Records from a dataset
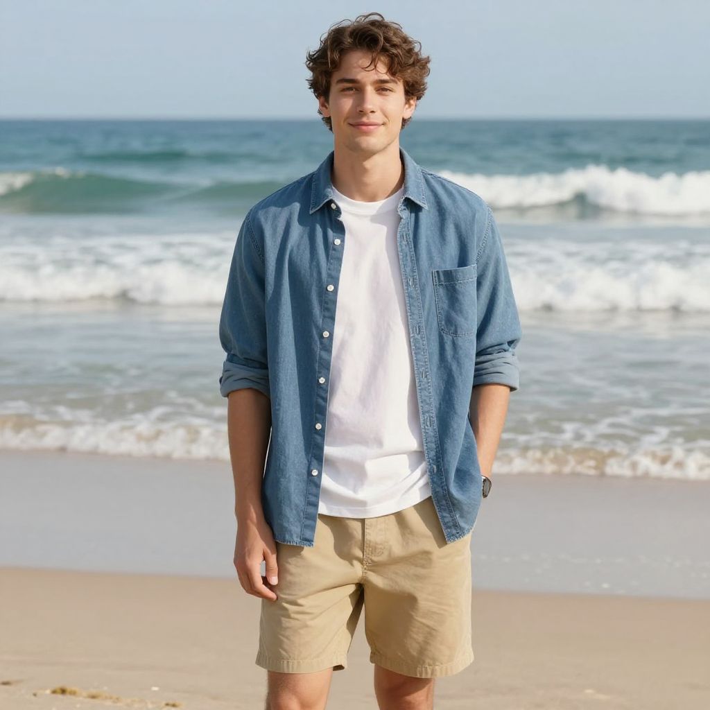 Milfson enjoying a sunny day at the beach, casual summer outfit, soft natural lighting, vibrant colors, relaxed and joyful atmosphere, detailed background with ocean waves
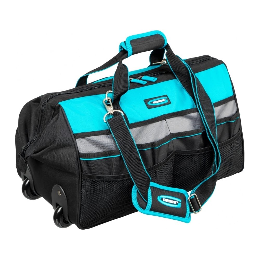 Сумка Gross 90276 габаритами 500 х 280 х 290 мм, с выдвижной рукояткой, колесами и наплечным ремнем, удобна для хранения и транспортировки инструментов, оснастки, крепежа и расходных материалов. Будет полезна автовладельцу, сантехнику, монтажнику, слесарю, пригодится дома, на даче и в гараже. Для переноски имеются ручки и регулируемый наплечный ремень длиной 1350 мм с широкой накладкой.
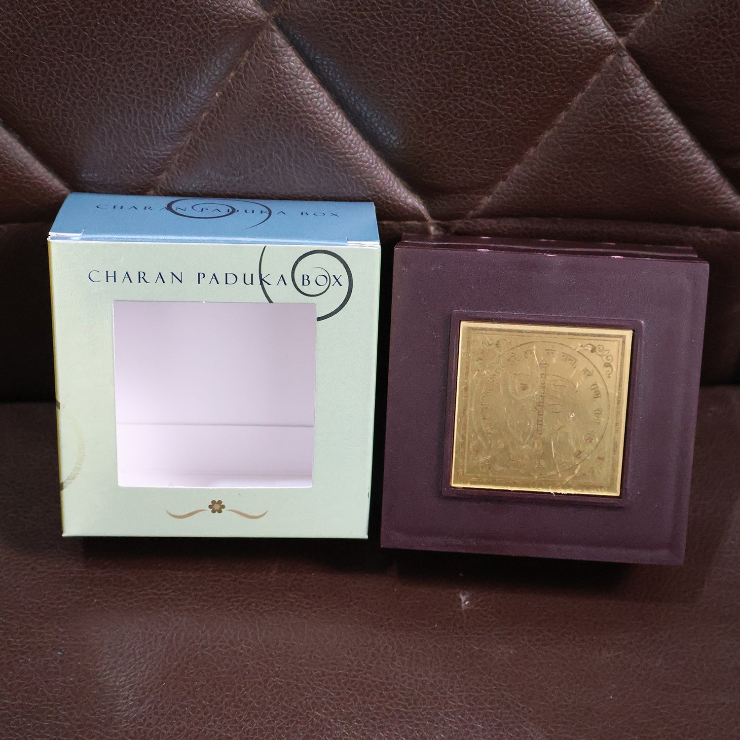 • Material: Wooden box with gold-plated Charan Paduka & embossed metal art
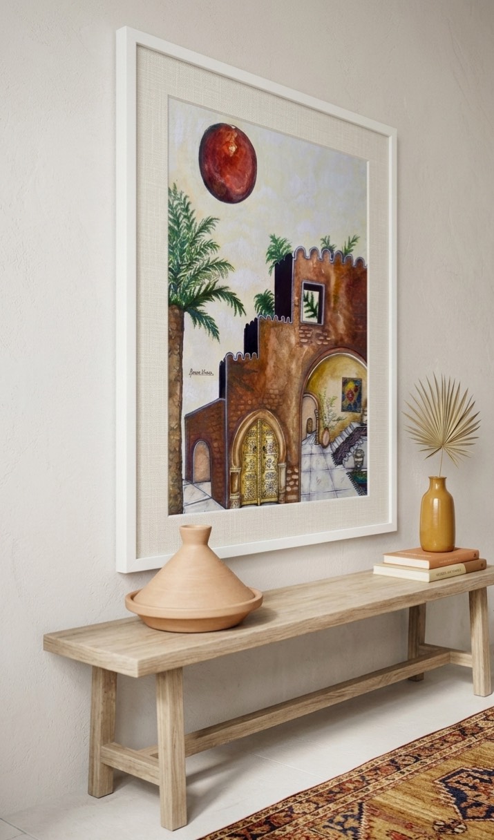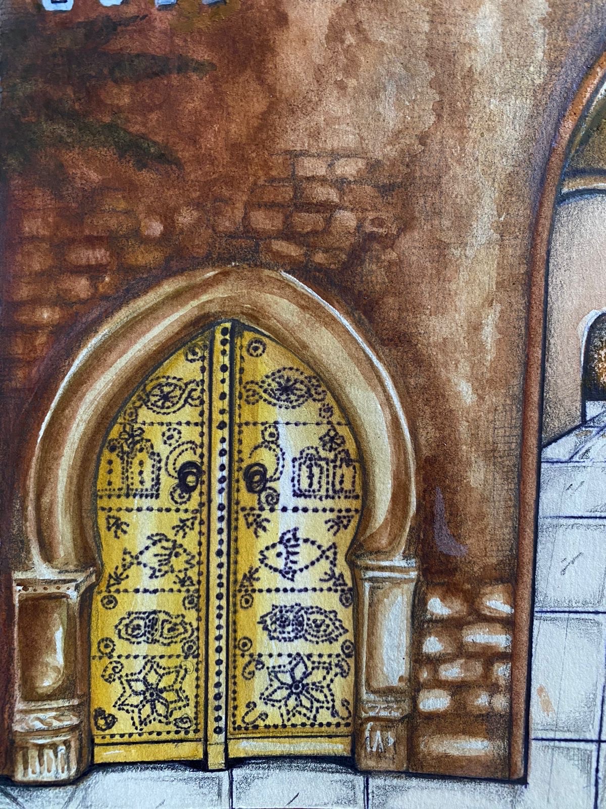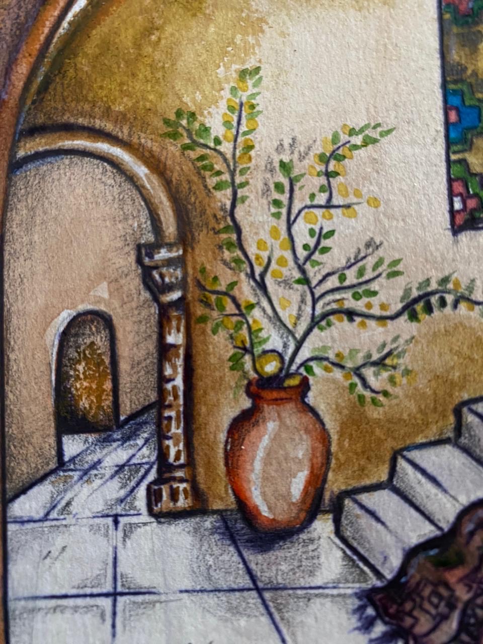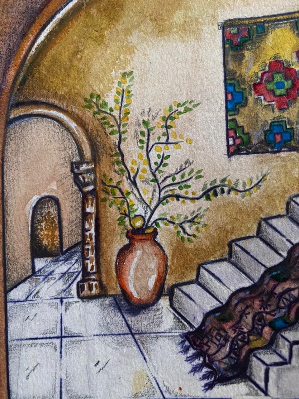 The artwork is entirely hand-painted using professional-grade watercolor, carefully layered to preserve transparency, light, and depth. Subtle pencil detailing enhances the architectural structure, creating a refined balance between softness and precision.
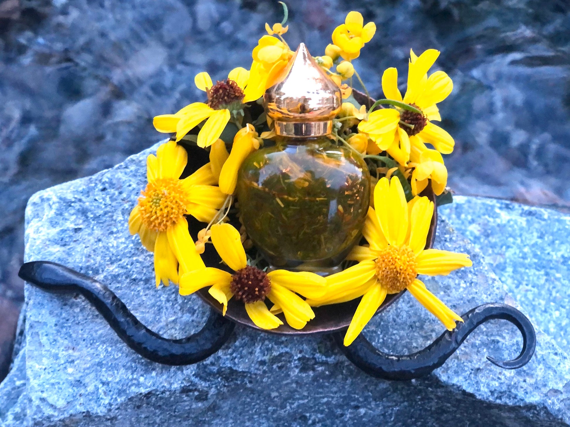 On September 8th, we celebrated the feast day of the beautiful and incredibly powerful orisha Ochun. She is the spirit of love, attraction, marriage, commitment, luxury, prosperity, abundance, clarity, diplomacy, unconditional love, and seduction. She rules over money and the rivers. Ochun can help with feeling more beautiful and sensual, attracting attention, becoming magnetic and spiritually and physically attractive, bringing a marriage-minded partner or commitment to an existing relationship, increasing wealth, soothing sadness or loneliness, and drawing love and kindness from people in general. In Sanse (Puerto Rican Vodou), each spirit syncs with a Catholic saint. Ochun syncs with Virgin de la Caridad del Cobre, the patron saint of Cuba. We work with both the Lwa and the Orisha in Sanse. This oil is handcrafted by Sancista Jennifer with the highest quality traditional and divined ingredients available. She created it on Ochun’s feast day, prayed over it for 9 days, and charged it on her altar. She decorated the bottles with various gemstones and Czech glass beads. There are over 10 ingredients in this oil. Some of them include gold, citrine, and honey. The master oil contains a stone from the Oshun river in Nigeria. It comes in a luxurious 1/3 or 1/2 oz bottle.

[Exercise] Print the data once more without any change, skipping each picture.

[Reply]
 Milfson enjoying a sunny day at the beach, casual summer outfit, soft natural lighting, vibrant colors, relaxed and joyful atmosphere, detailed background with ocean waves
 Сумка Gross 90276 габаритами 500 х 280 х 290 мм, с выдвижной рукояткой, колесами и наплечным ремнем, удобна для хранения и транспортировки инструментов, оснастки, крепежа и расходных материалов. Будет полезна автовладельцу, сантехнику, монтажнику, слесарю, пригодится дома, на даче и в гараже. Для переноски имеются ручки и регулируемый наплечный ремень длиной 1350 мм с широкой накладкой.
 • Material: Wooden box with gold-plated Charan Paduka & embossed metal art
 The artwork is entirely hand-painted using professional-grade watercolor, carefully layered to preserve transparency, light, and depth. Subtle pencil detailing enhances the architectural structure, creating a refined balance between softness and precision.
 On September 8th, we celebrated the feast day of the beautiful and incredibly powerful orisha Ochun. She is the spirit of love, attraction, marriage, commitment, luxury, prosperity, abundance, clarity, diplomacy, unconditional love, and seduction. She rules over money and the rivers. Ochun can help with feeling more beautiful and sensual, attracting attention, becoming magnetic and spiritually and physically attractive, bringing a marriage-minded partner or commitment to an existing relationship, increasing wealth, soothing sadness or loneliness, and drawing love and kindness from people in general. In Sanse (Puerto Rican Vodou), each spirit syncs with a Catholic saint. Ochun syncs with Virgin de la Caridad del Cobre, the patron saint of Cuba. We work with both the Lwa and the Orisha in Sanse. This oil is handcrafted by Sancista Jennifer with the highest quality traditional and divined ingredients available. She created it on Ochun’s feast day, prayed over it for 9 days, and charged it on her altar. She decorated the bottles with various gemstones and Czech glass beads. There are over 10 ingredients in this oil. Some of them include gold, citrine, and honey. The master oil contains a stone from the Oshun river in Nigeria. It comes in a luxurious 1/3 or 1/2 oz bottle.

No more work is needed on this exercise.